Machine Learning-based Trajectory Optimization of Connected and Autonomous Vehicles (CAVs)

Connected and autonomous vehicle (CAV) technologies provide solutions to the existing problems of the transportation systems. As widely known, CAVs can communicate with each other so that they can have coordinated accelerating or decelerating movements. In this manner, CAVs only need a smaller headway which will lead to a higher roadway capacity. For signalized intersections, CAVs can communicate with the signal lights to adjust their speeds when approaching the intersection, so that they can arrive at the intersection during green time periods. CAVs bring with them many benefits including improving safety, reducing emissions and increasing mobility of the transportation system. In past decades, numerous research efforts have been made to focus on modeling longitudinal driver behaviors of traditional vehicles. Most microscopic models assume that human drivers react to the stimuli from leading vehicles to keep a safe headway with a desired velocity. In recent years, with the emerging of CAVs, new car following models have been introduced to accommodate the longitudinal driving behavior of CAVs. Efforts are needed to calibrate these car following models, and the results are highly related to the data availability, calibration method, and model structure. Despite different mechanisms and software interfaces, when multiple simulation software applications are compared, it seems that errors cannot be eliminated no matter how many parameters are introduced.

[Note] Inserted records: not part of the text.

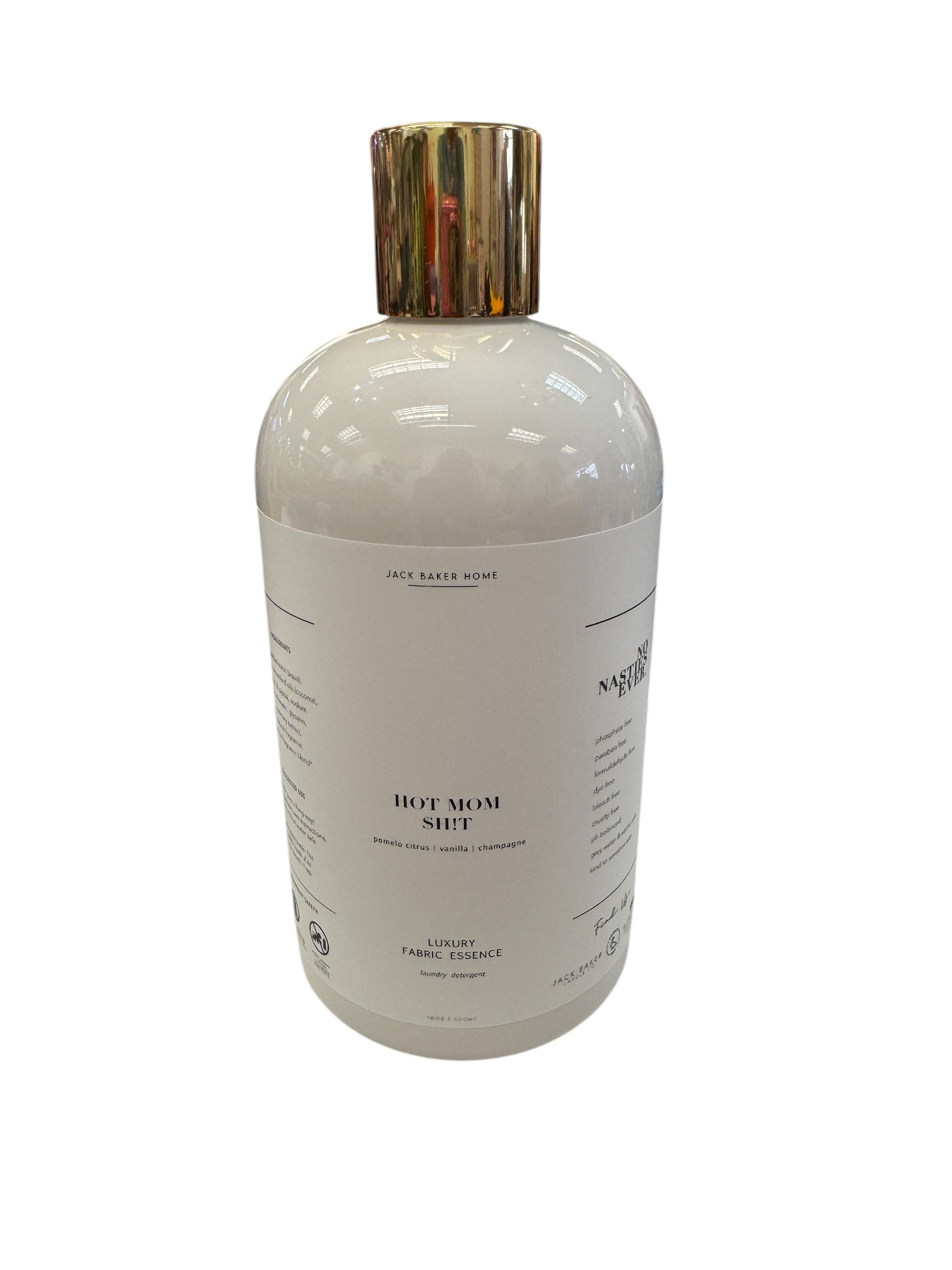 Introducing Jack Baker's Hot Mom Sh*t Small Laundry Detergent: the perfect blend of champagne and pomelo citrus scents. Say goodbye to harsh chemicals and hello to a PH balanced, cruelty-free formula that's gentle on sensitive skin and safe for the environment. Made in Texas by a veteran-owned company. No nasties, just clean clothes!
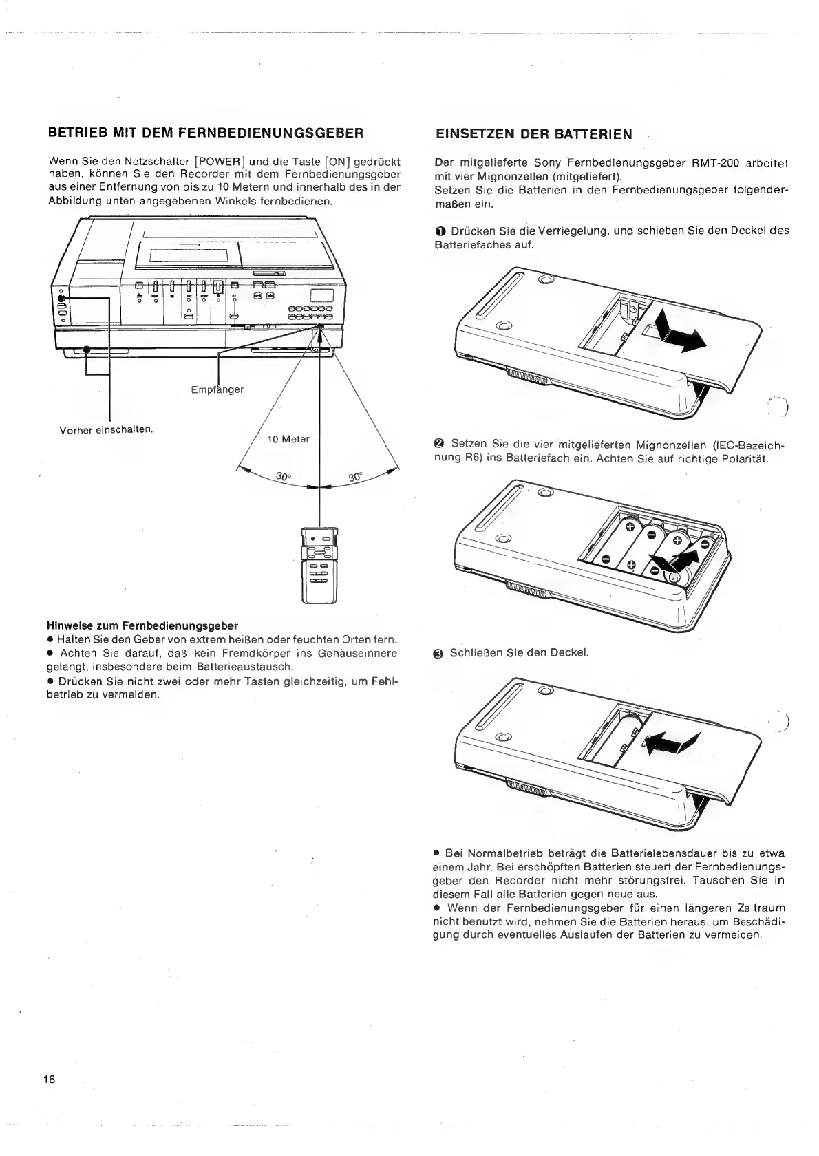 Sony SL-C7E - Betrieb mit dem Fernbedienungsgeber; Einsetzen der Batterien 2.0.00; Eee Ees
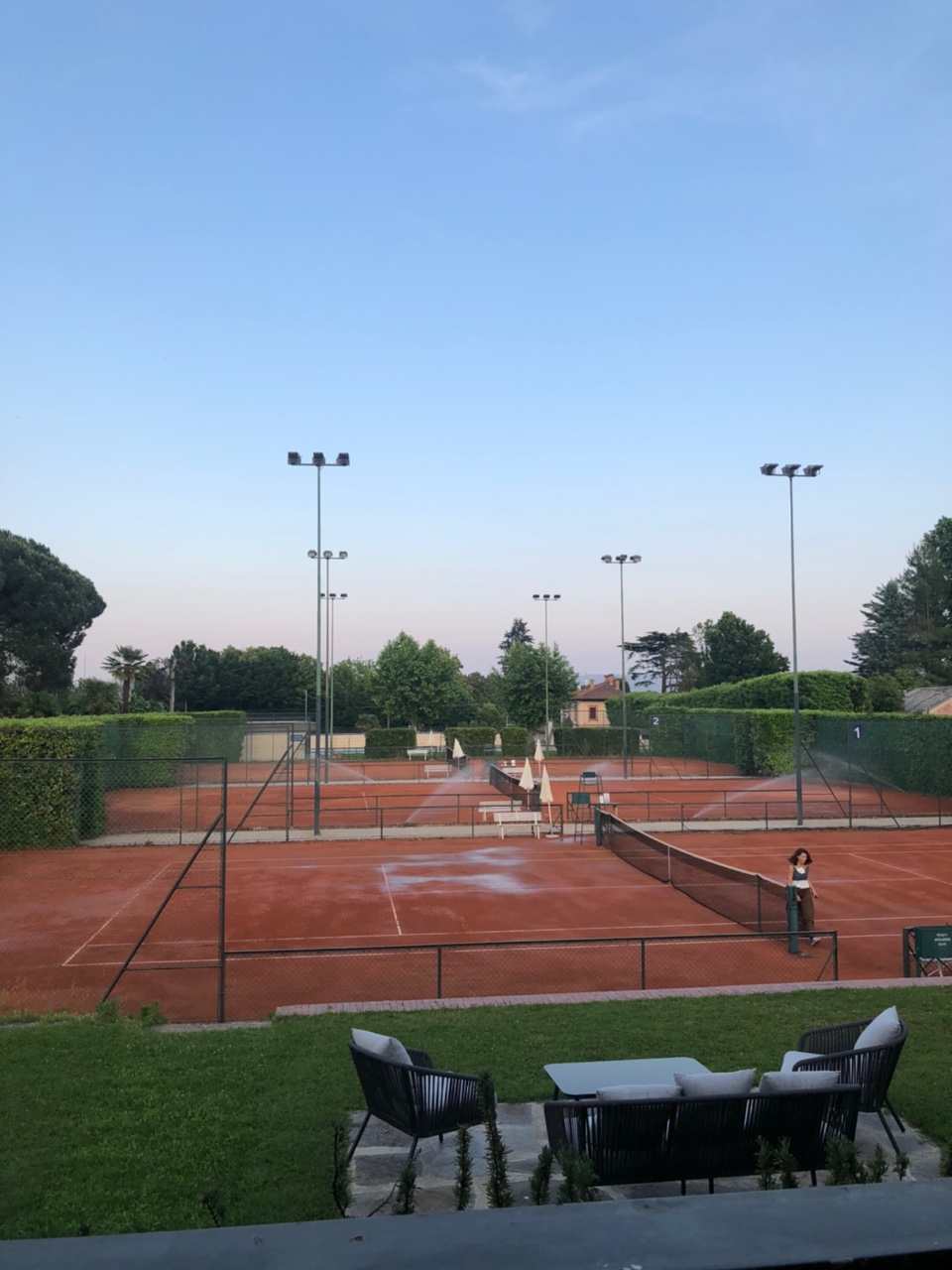 테니스 선생님은 벌써부터 술 언제 먹을지 이야기를 하고 있다. 두 달 동안 테니스 레슨을 못해서 잔디 깎는 일을 했다고 하던데...
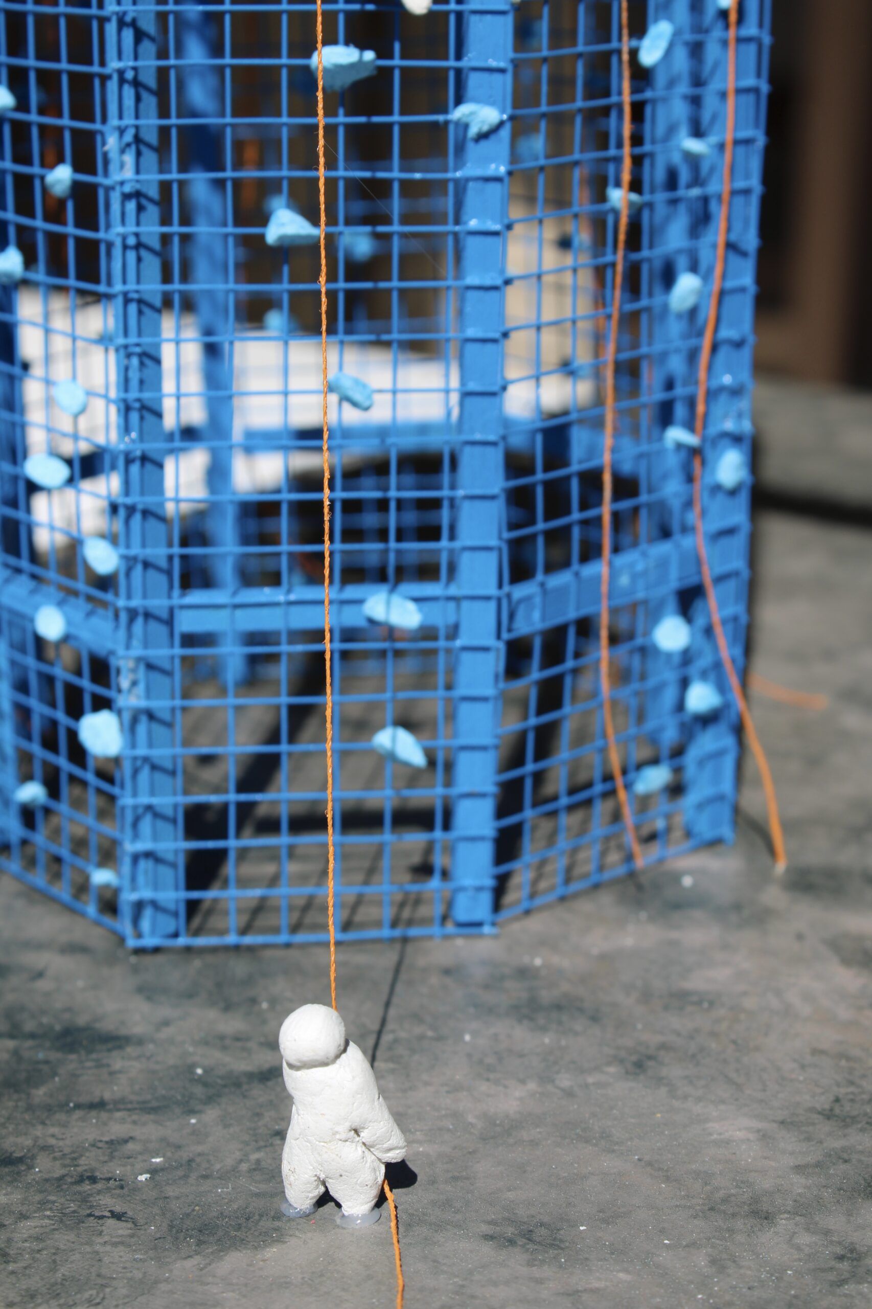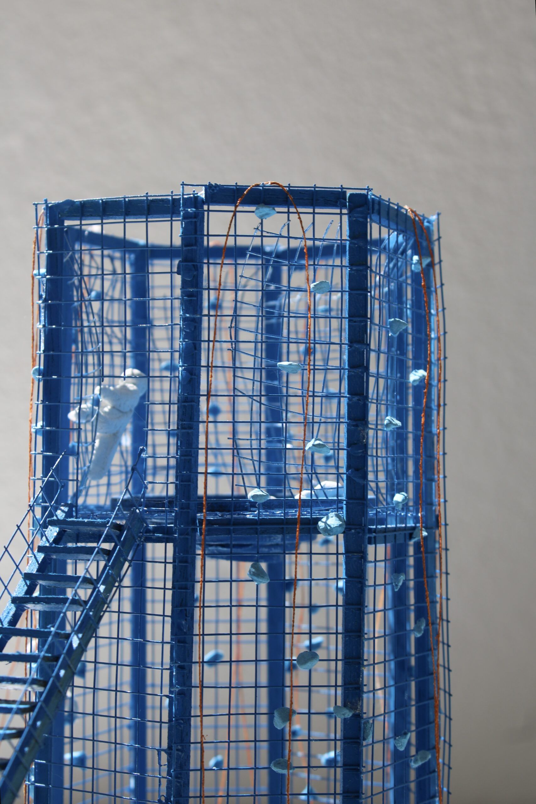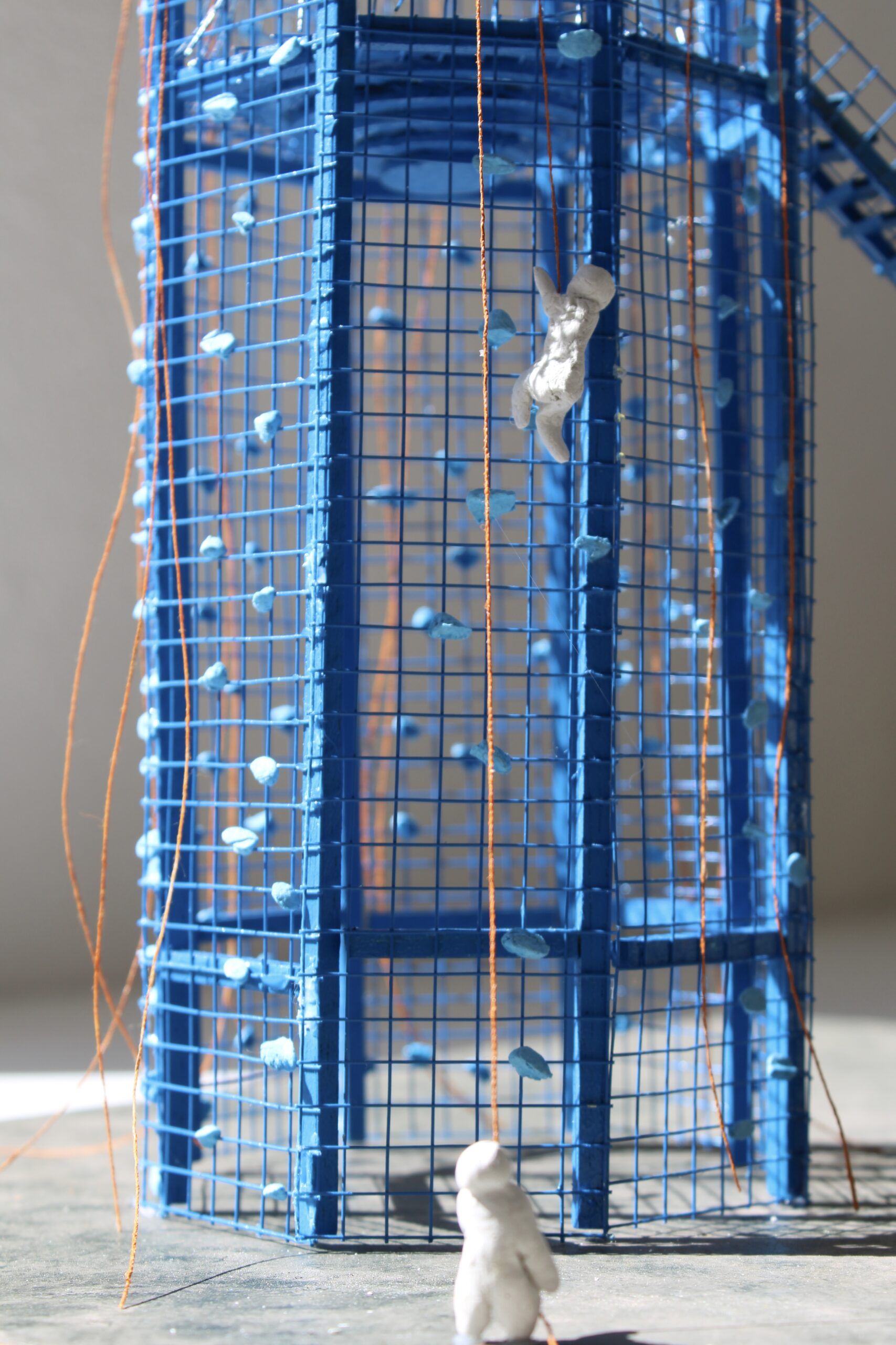 Bois, grillage en métal, pate autodurcissante, fil et bombe de peinture.

On the other hand, machine learning has achieved much success in recent years. It allows the agent to keep learning from observations, actions conducted, and rewards received. When presented with a sequence of states and corresponding actions, extracted from the trajectory data, the algorithm can learn how the vehicles act when being faced with varying traffic conditions. The algorithm learns by associating any state observation, such as reaction time, speed, headway, and acceleration rate. The degree by which the agent action matches the vehicle’s action constitutes a reward in the learning sequence. In order to be better predict the upcoming states of CAVs under varying traffic conditions, there is a critical need to model the car following trajectory data using machine learning approach. This research will develop guidelines and recommendations for calibrating CAV car following model using trajectory data, and therefore will leading to a better understanding of how CAVs operate in the freeway system.